On 12.11.24 19:17, William Roche wrote:
On 11/12/24 12:13, David Hildenbrand wrote:
On 07.11.24 11:21, “William Roche wrote:
From: William Roche <william.roche@xxxxxxxxxx>
When an entire large page is impacted by an error (hugetlbfs case),
report better the size and location of this large memory hole, so
give a warning message when this page is first hit:
Memory error: Loosing a large page (size: X) at QEMU addr Y and GUEST
addr Z
Hm, I wonder if we really want to special-case hugetlb here.
Why not make the warning independent of the underlying page size?

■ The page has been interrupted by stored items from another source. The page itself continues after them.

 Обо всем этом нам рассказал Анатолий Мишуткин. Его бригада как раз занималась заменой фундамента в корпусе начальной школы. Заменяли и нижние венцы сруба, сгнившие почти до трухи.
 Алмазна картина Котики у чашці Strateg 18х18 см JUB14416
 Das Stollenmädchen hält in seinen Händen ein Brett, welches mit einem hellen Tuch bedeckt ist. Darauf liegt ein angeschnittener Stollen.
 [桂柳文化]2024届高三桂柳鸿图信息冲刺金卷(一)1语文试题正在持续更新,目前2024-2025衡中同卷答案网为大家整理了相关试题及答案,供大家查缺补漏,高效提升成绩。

We already have a warning provided by Qemu (in kvm_arch_on_sigbus_vcpu()):
Guest MCE Memory Error at QEMU addr Y and GUEST addr Z of type
BUS_MCEERR_AR/_AO injected
The one I suggest is an additional message provided before the above
message.
Here is an example:
qemu-system-x86_64: warning: Memory error: Loosing a large page (size:
2097152) at QEMU addr 0x7fdd7d400000 and GUEST addr 0x11600000
qemu-system-x86_64: warning: Guest MCE Memory Error at QEMU addr
0x7fdd7d400000 and GUEST addr 0x11600000 of type BUS_MCEERR_AO injected
Hm, I think we should definitely be including the size in the existing
one. That code was written without huge pages in mind.
We should similarly warn in the arm implementation (where I don't see a
similar message yet).
According to me, this large page case additional message will help to
better understand the probable sudden proliferation of memory errors
that can be reported by Qemu on the impacted range.

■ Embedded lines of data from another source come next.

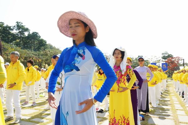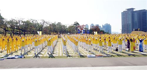 ![]() 图1~2:参加亚洲法会的法轮功学员们在首尔白凡公园广场集体炼功。 |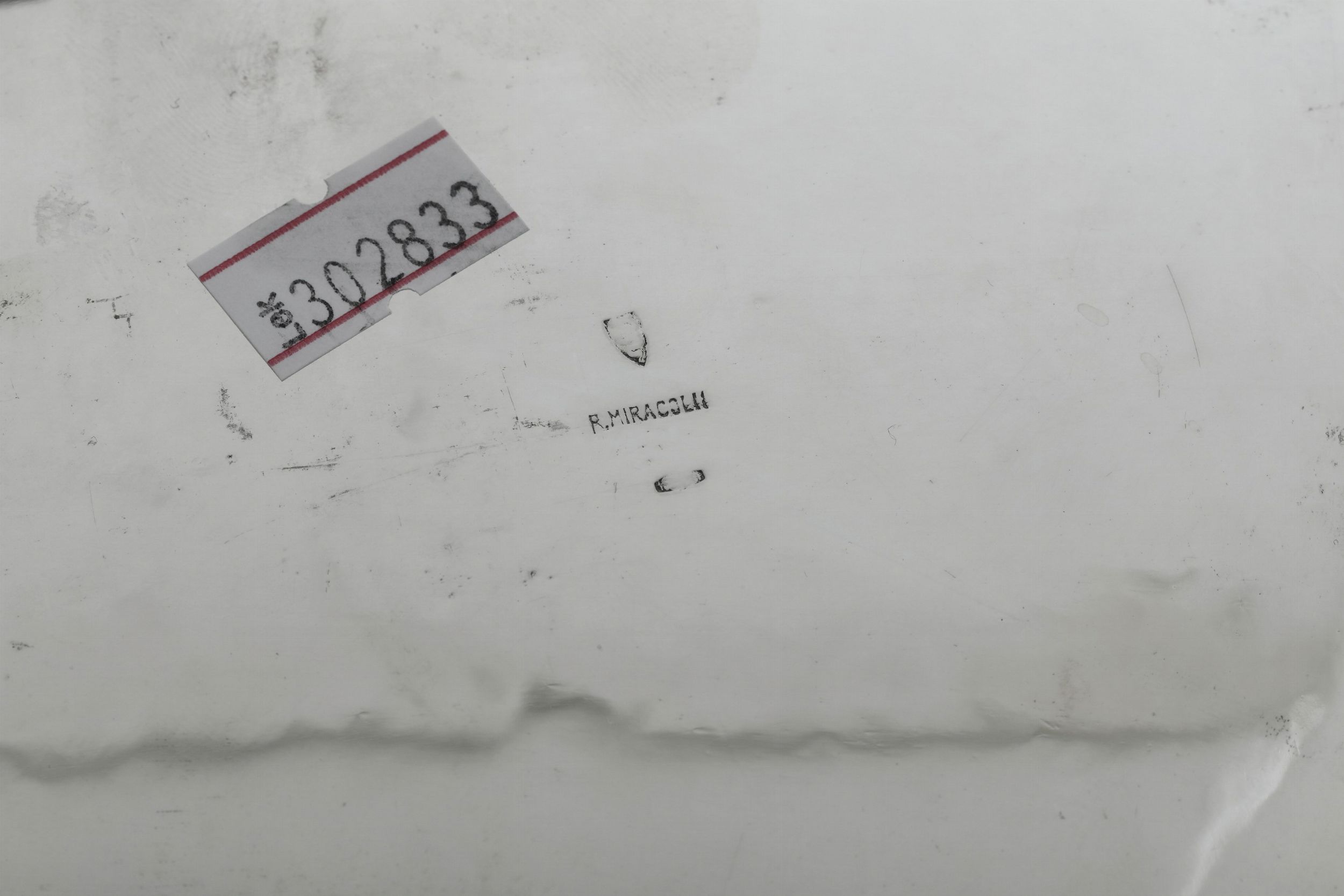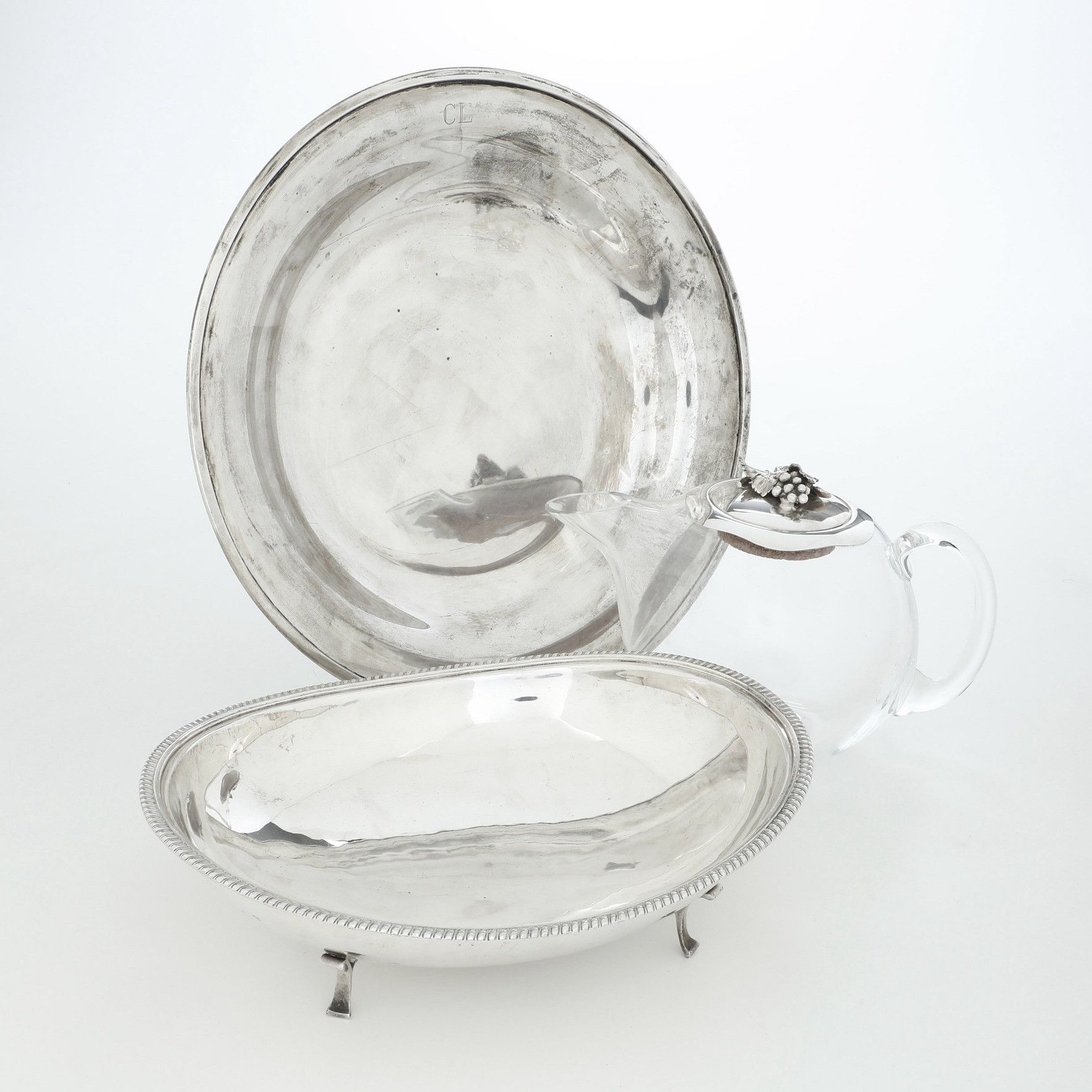 Piatto, centrotavola con piedini e bottiglia con tappo in argento. Argenteria italiana [..]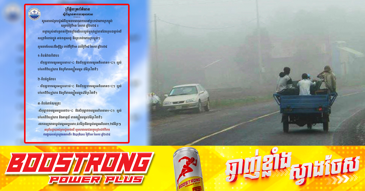 (ភ្នំពេញ)៖ ក្រសួងធនធានទឹក និងឧតុនិយម បានចេញសេចក្តីជូនដំណឹង អំពីស្ថានភាពធាតុអាកាសនៅកម្ពុជា សម្រាប់ថ្ងៃទី១៣ ខែមករា ឆ្នាំ២០២៥។ ខាងក្រោមនេះ ជាសេចក្តីជូនដំណឹងរបស់ក្រសួងធនធានទឹក៖ ផ្ដល់សិទ្ធិដោយ៖ Fresh News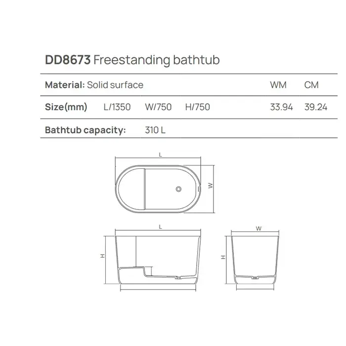 Dea Design Single Ванна из Solid Surface отдельностоящая 135x75 см, композит, цвет: белый матовый DD8673 1350 18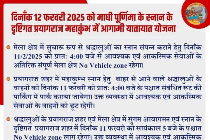 12 फरवरी, 2025 को माघी पूर्णिमा के स्नान के दृष्टिगत ‘प्रयागराज महाकुम्भ’ ट्रैफिक प्लान लागू किया गया है।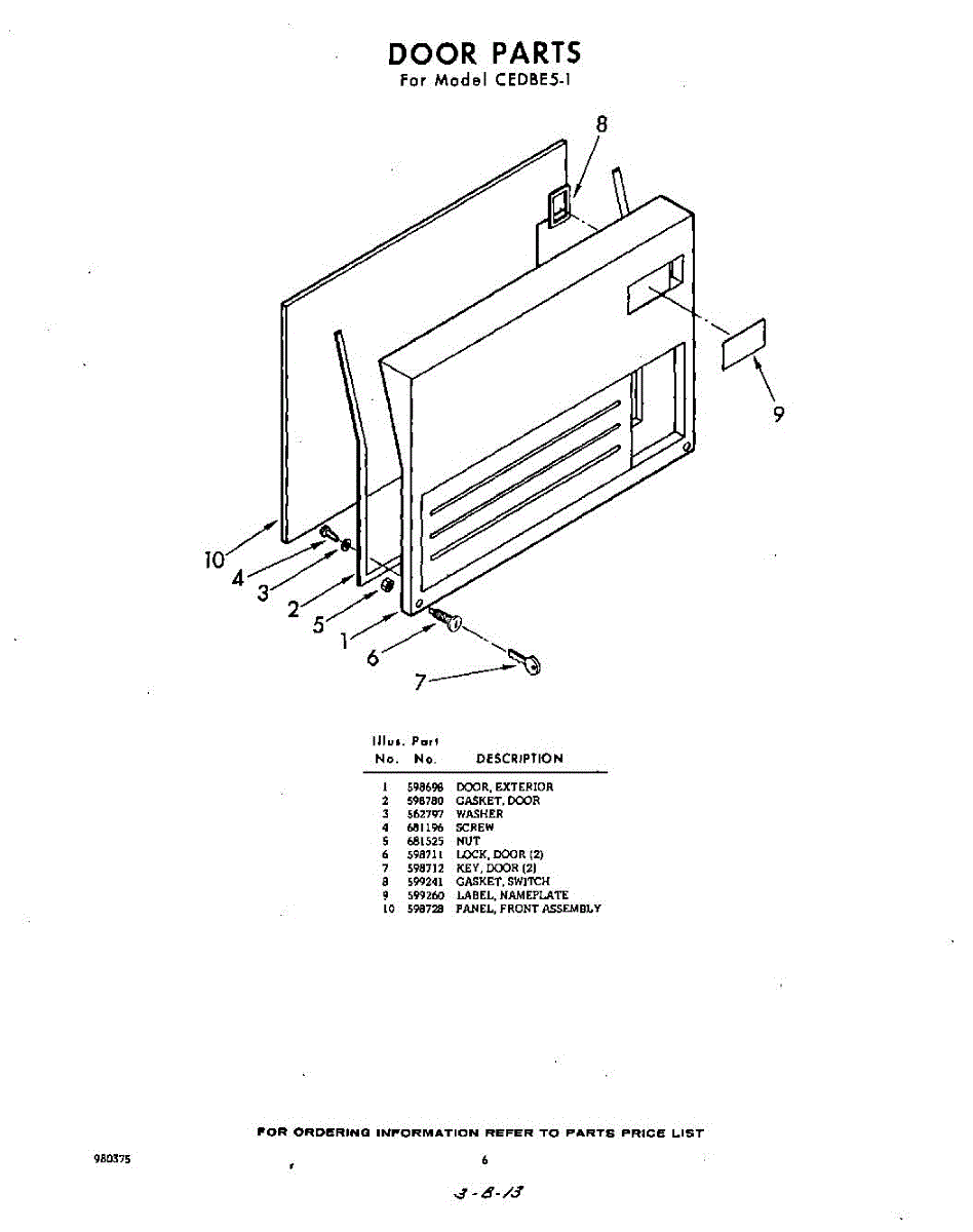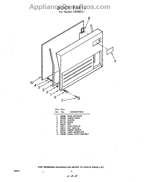 Parts for Whirlpool CEDBE51: 06 - Door Parts

Not only will the machine administrator identify better that a single
memory error had this large impact, it can also help us to better
measure the impact of fixing the large page memory error support in the
field (in the future).
What about extending the existing one to something like
warning: Guest MCE Memory Error at QEMU addr $ADDR and GUEST $PADDR of
type BUS_MCEERR_AO and size $SIZE (large page) injected
With the "large page" hint you can highlight that this is special.
On a related note ...I think we have a problem. Assume we got a SIGBUS
on a huge page (e.g., somewhere in a 1 GiB page).

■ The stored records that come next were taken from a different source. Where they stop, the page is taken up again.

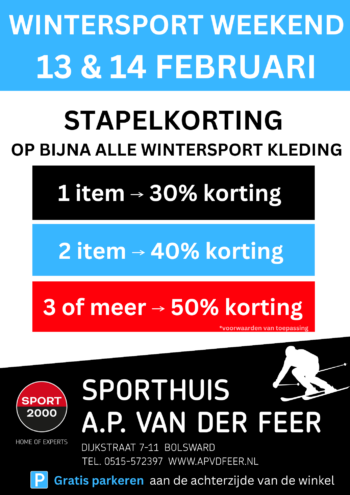 Ben jij je wintersport aan het voorbereiden voor de voorjaarsvakantie? Tijdens het wintersport aanbiedingsweekend bij Sporthuis A.P. van der Feer profiteer je van hoge stapelkorting op bijna alle wintersportkleding.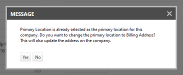 Wenn Sie auf Jaklicken, d. h., wenn ein anderer Standort als Hauptstandort zugewiesen ist, aktualisieren die Adressinformationen dieses Standorts den Firmendatensatz. Kontakte, Geräte und Tickets, die dem Hauptstandort zugeordnet sind, werden ebenfalls aktualisiert.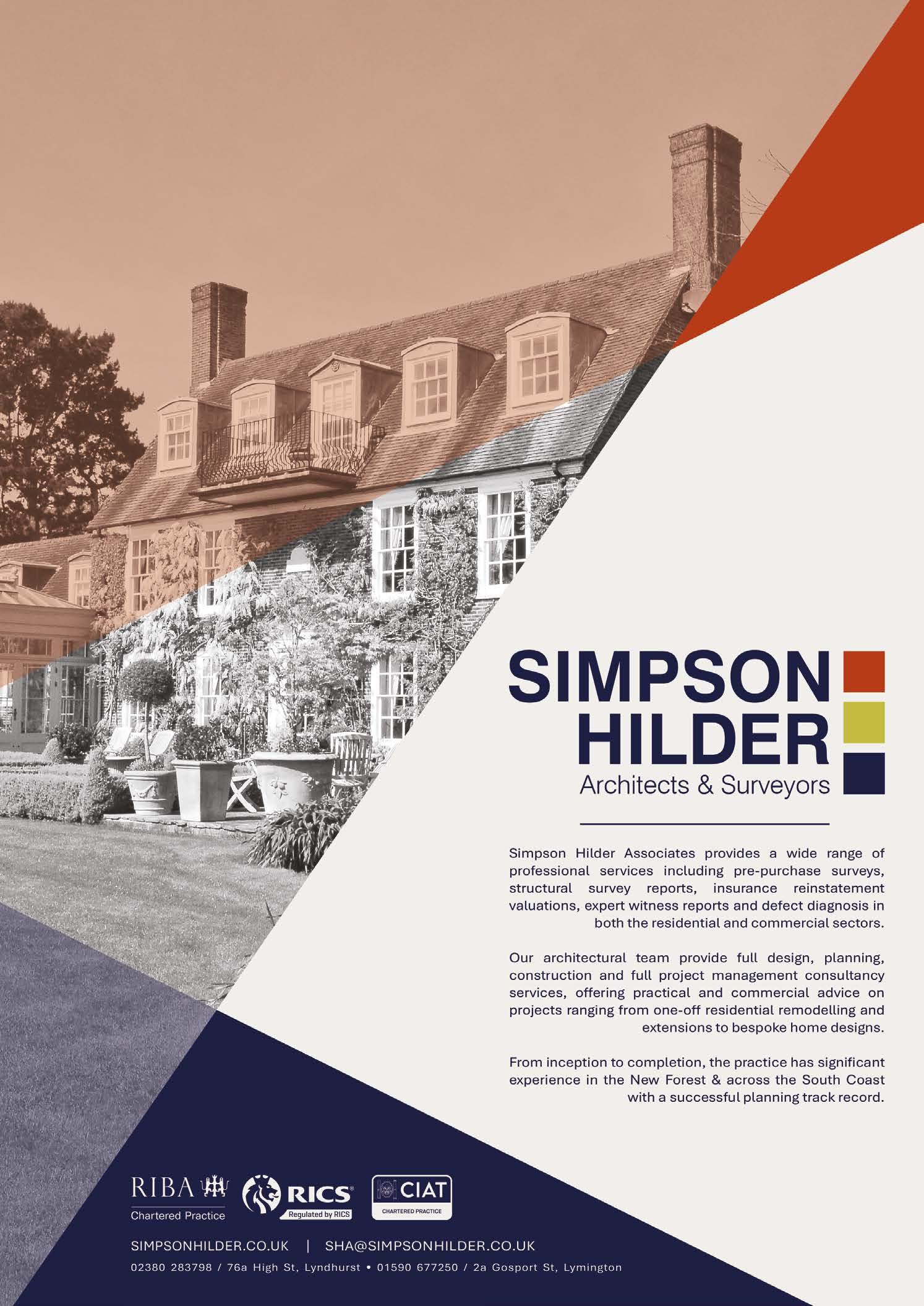 Front cover image of Lepe, Hampshire, kindly supplied by Julian Gazzard. Published by TBC Publishing Limited, Telephone: 01223 874483. ©TBC Publishing 2024. All rights reserved. Reproduction is forbidden except by express permission of the Publishers. The content of this magazine is believed to be correct but its accuracy is not guaranteed and it does not form part of any offer or contract. TBC Publishing Limited cannot accept responsibility for any omissions or errors. All property details were correct at time of submission. Photo credits pages 58 to 61: The Lamb Inn/Jim Champion; Blashford Lakes Nature Reserve/Andy Morffew; Eyeworth Pond/Gillian Thomas; Fordingbridge Town Hall/Mike Faherty; Godshill Ford/John Walton; Moyles Court School/ Tim Stickley.

We will call kvm_mce_inject(cpu, paddr, code) /
acpi_ghes_record_errors(ACPI_HEST_SRC_ID_SEA, paddr)
But where is the size information? :// Won't the VM simply assume that
there was a MCE on a single 4k page starting at paddr?
I'm not sure if we can inject ranges, or if we would have to issue one
MCE per page ... hm, what's your take on this?
--
Cheers,
David / dhildenb